Ask HN: Is anyone building a question answering system using the HN corpus?

23 points by rahimnathwani 2 years ago

Today, if someone wants to know what the HN community knows/thinks about a topic, they can either:

A) Search past HN comments on hn.algolia.com, or

B) Post a new 'Ask HN'.

LLMs could provide a new way to find answers within a corpus. These have been described elsewhere, e.g.

- https://github.com/openai/openai-cookbook/blob/main/examples...

- https://news.ycombinator.com/item?id=34477543

I keep expecting someone (maybe minimaxir or simonw?) to post a 'Show HN: Get your question answered by the collective wisdom of HN', but I no one has so far (unless I missed the submission?).

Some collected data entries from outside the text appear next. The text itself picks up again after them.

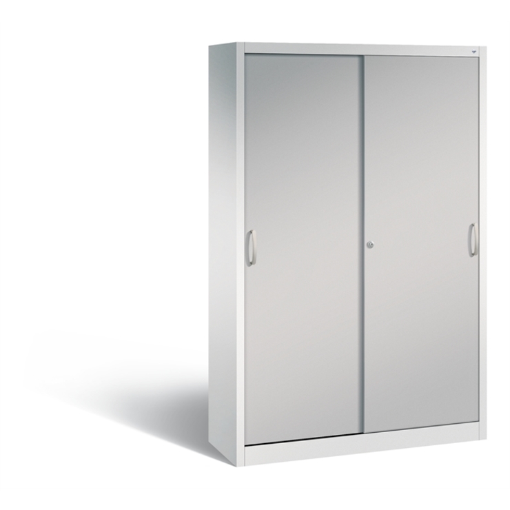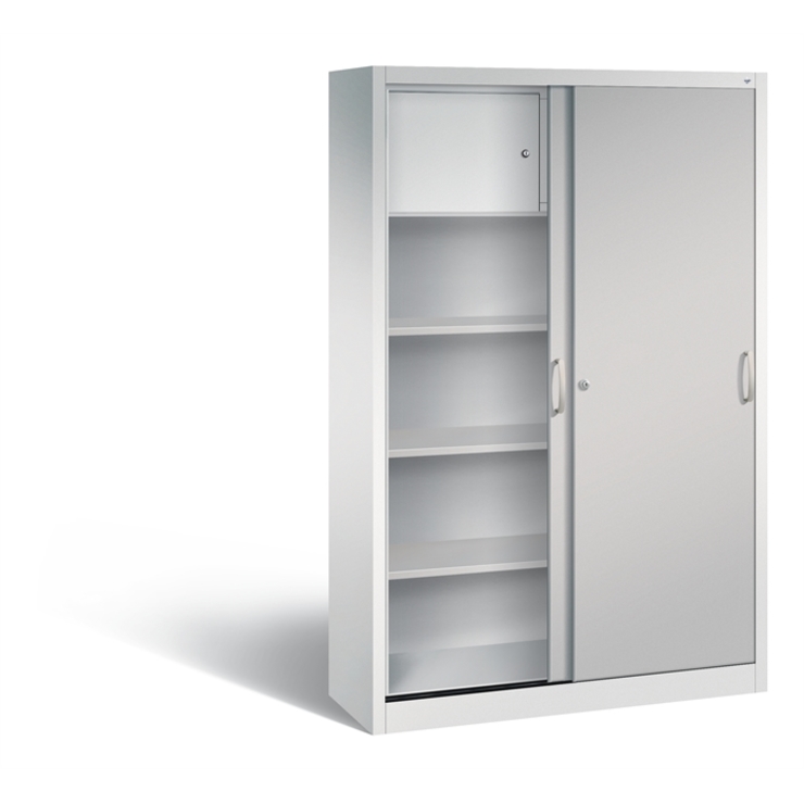 Stahl-Schiebetürenschrank Acurado-2000, Korpus aus stabiler Stahlkonstruktion mit hochwertiger Einbrennbeschichtung für hohe UV-Beständigkeit, mit Kunststoffgleitern als praktischer Schrank- und Fußbodenschutz, hohe Flexibilität der Inneneinrichtung durch Höhenverstellbarkeit im 15 mm Raster, Türen verstärkt für hohe Stabilität, leichtgängige Bedienung durch Leichtlaufrollen in spezieller Schienenführung, 1 Wechselzylinder matt vernickelt mit 2 Schlüsseln, 2 Ergonomische Bügelgriffe Ergolock aus Metall für einfache Bedienung, matt vernickelt, 3 Einlegeböden aus Stahl, lackiert, mit hoher Traglast 70 kg, 1 Schließfach mit Drehtüren und 2 einzeln abschließbaren Fächern über Zylinderschloss, Maße (H x B x T): 1950 x 1200 x 400 mm, Korpus: RAL 7035 Lichtgrau, Türen: RAL 9006 Weißaluminium, Inneneinrichtung: RAL 7035 Lichtgrau
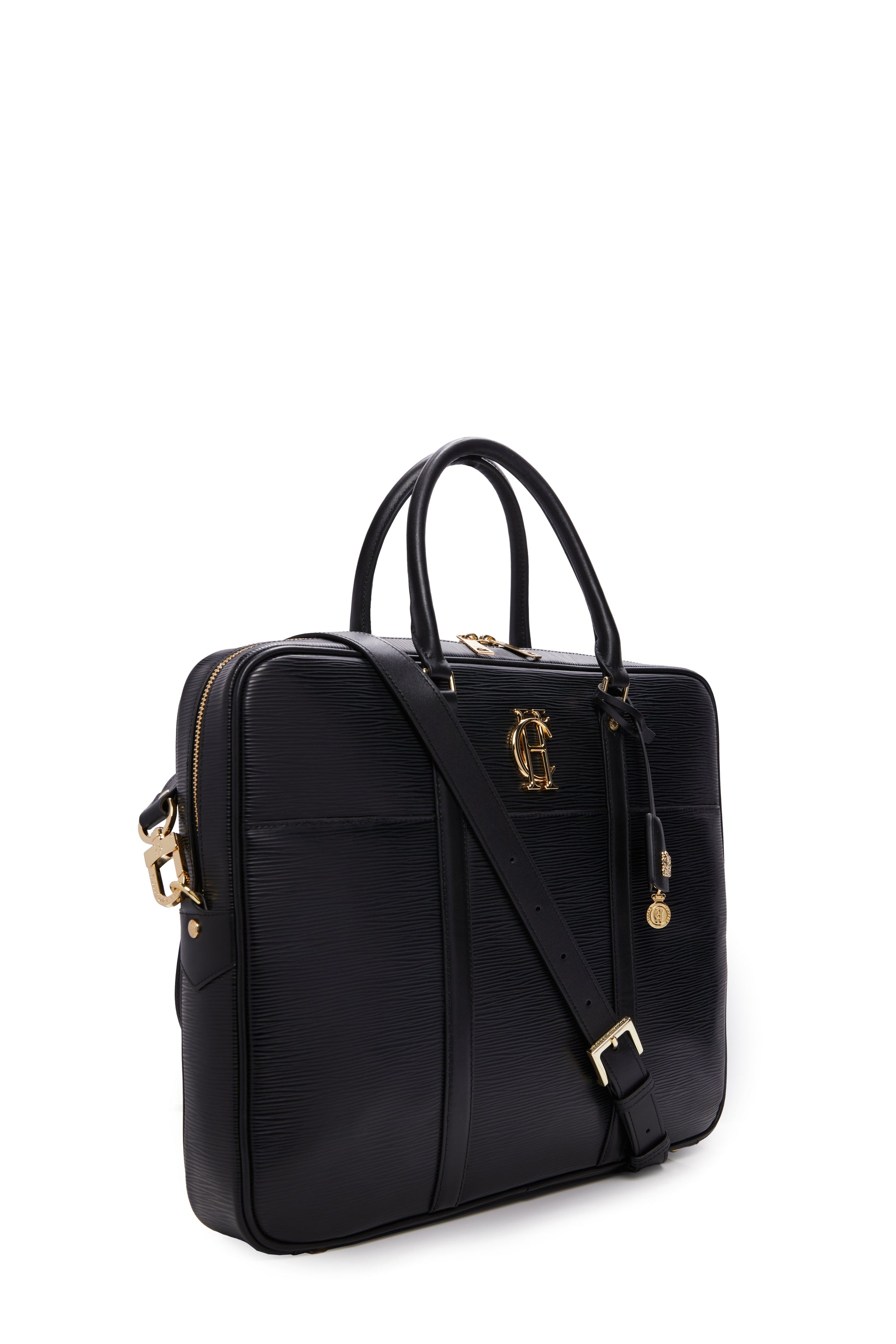 Introducing the Knightsbridge Briefcase, crafted from premium cow leather, featuring an embossed design in sleek black leather. It offers both style and functionality, with padded top handles adorned with branded gold detailing, and a detachable long strap with branded rivets and dog clips for versatile carrying options.
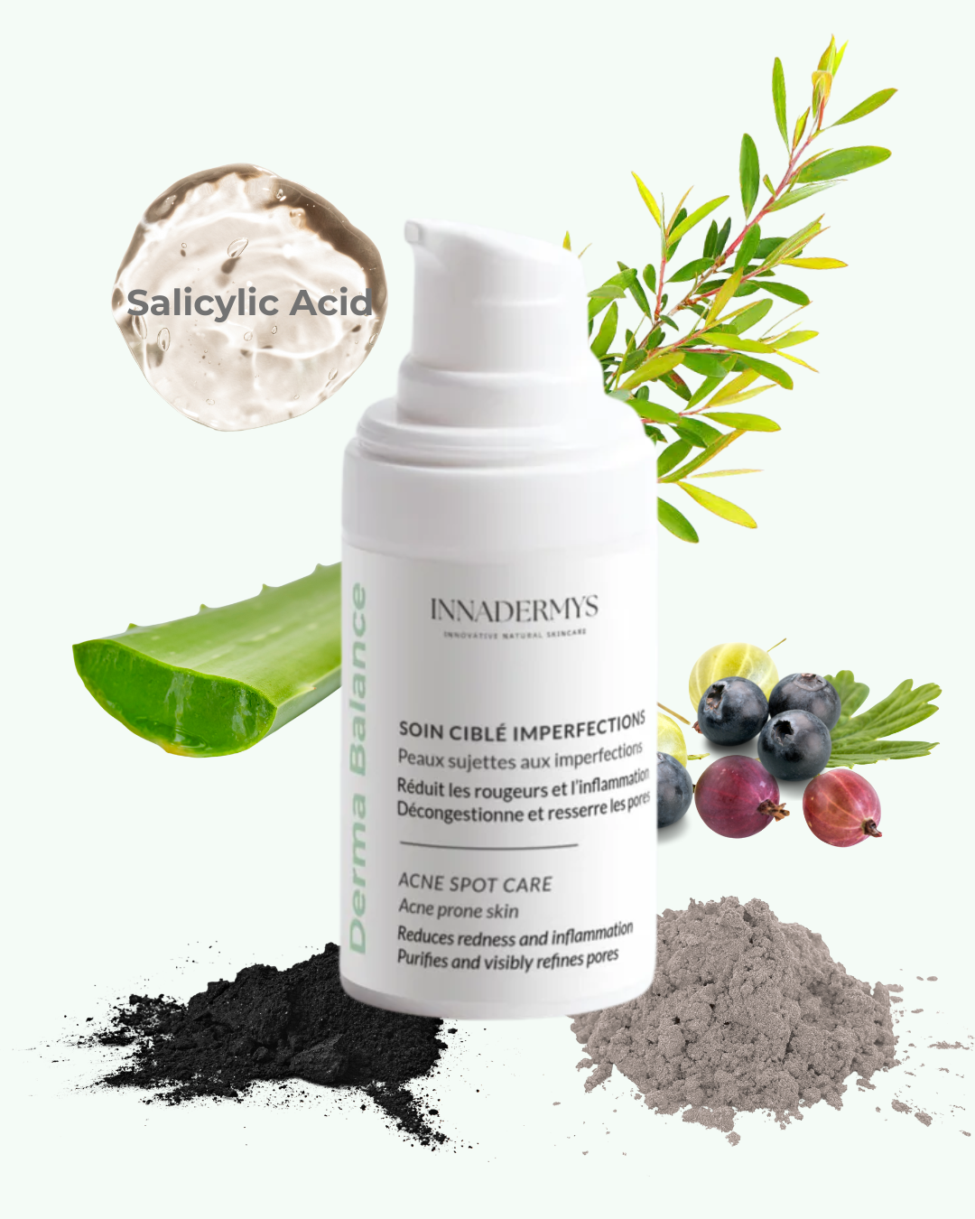 Ce soin est conçu pour une application localisée (boutons, zones rouges ou congestionnées). Pour un soin global de la peau mixte à grasse, il peut être associé à la Gelée Équilibrante Niacinamide de la gamme Derma Balance.
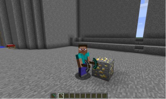 由于金矿石是一种比较稀有的矿石,所以只能用铁镐或钻石镐开采,否则只会摧毁矿石。
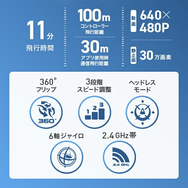 | 商品説明 | ●スマホ専用アプリ:製品専用アプリがあります ●操作周波数:2.4GHz帯 ●ジャイロセンサー:6軸ジャイロ ●飛行距離:100m ●最大飛行時間:約11分 ●解像度:30万画素(640×480P) |

Is someone already working on this?

flemhans 2 years ago

I'd love to do this offline, so I could feed it all my mail. Am I right that it's still going to be a while before we can do that? Or perhaps with a less good model than GPT-3?

rahimnathwani 2 years ago

The things I've seen all use hosted language models. For example https://github.com/jerryjliu/gpt_index depends on LangChain, which wraps APIs from hosted LLMs: https://langchain.readthedocs.io/en/latest/reference/modules...
AFAIK there's no GPT-3-like LLM that's easy to run at home, because the number of parameters is so so large. Your gaming PC's GPU won't have enough RAM to hold the model. For example, gpt-neox-20b needs about 40GB of RAM: https://huggingface.co/EleutherAI/gpt-neox-20b/discussions/1...
- flemhans 2 years ago
  
  I wouldn't mind throwing hardware after the problem, but I haven't yet found a "full" guide on how to set it up, it always ends up being something to run in Google Colab or similar.
  
  ttt3ts 2 years ago
  
  Hmm. I have full size bloom running on a server in my basement. It can be ran naively with about 400GB of ram. Using used hardware you can get that for about $1200. Still, with CPU inference, you're looking at about 5 mins per response.
  With optimization, I have it down to 140GB of ram. Trying to get it under 120GB without loosing too much accuracy so it can be ran on standard desktop consumer hardware (who's limits are usually 128GB).
  Given the lack of resources I have found I figured the general intrest was low? Maybe I will open source it and do a write up.
  
  flemhans 2 years ago
  
  I think that would be an incredibly interesting write-up. There are many applications where a 5-min response time would be more than adequate. It could slowly churn through the inbox, while I'm not looking. Or parse customer emails and suggest replies for a rep to potentially use.

olivierduval 2 years ago

Mmmm... and what about copyright ? I mean: may I dump all of HN and then consider it a book to be sold for my own profit ? And if I can't do it... what is the difference between this idea and using HN to train an LLM ? And what if I don't want my comments be parts of this LLM ? Or what about the "trash" accounts that don't want to be identified ?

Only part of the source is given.